#### [Task requirements]
Write out exactly the lines from the one containing "A warm, pyramid-shaped" to the end of the material, both ends included, and nothing else. Leave pictures out.

#### [Information shown]
****
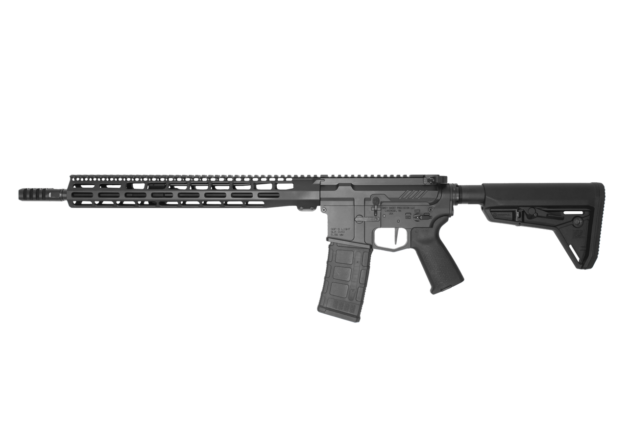 - 16" 5.56 BBL. 1x8 twist, 1/2-28 threaded muzzle with GGP muzzle brake, Black Nitride coating in and out, Mid Length gas.
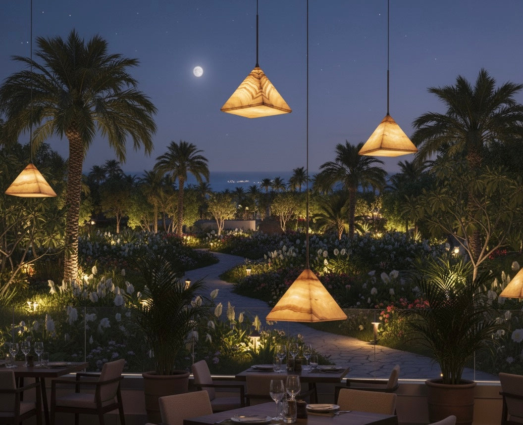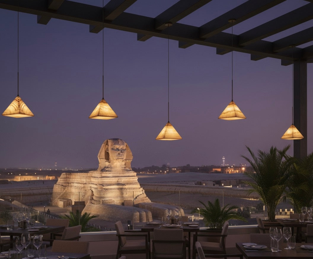 A warm, pyramid-shaped pendant light featuring a stone-like texture, perfect for creating an intimate, atmospheric glow in any interior.
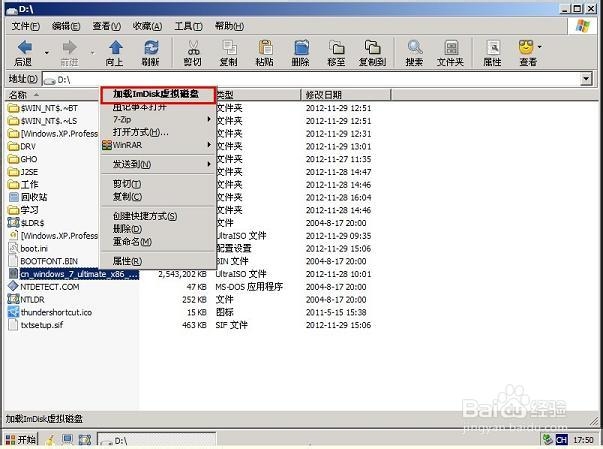 5.進(jìn)入WINPE后,找到剛才準(zhǔn)備好的原版WIN7鏡像文件,利用ImDisk將其加載成虛擬磁盤,如圖:
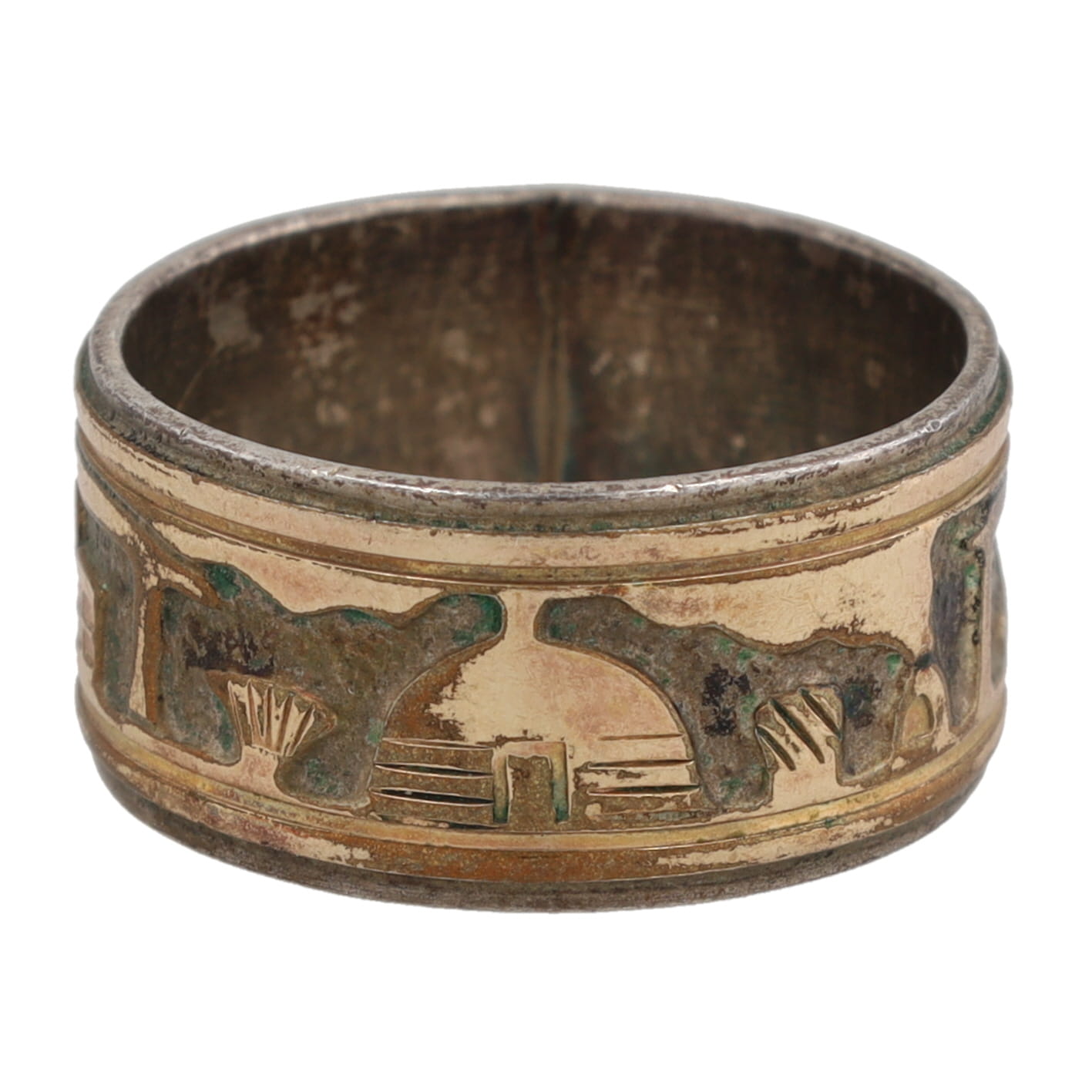 Offina Pino Navajo 12K Gold Fill Sterling Storyteller Ring Sz 9, 6.5g
****
#### [Result of the task]
 A warm, pyramid-shaped pendant light featuring a stone-like texture, perfect for creating an intimate, atmospheric glow in any interior.
 5.進(jìn)入WINPE后,找到剛才準(zhǔn)備好的原版WIN7鏡像文件,利用ImDisk將其加載成虛擬磁盤,如圖:
 Offina Pino Navajo 12K Gold Fill Sterling Storyteller Ring Sz 9, 6.5g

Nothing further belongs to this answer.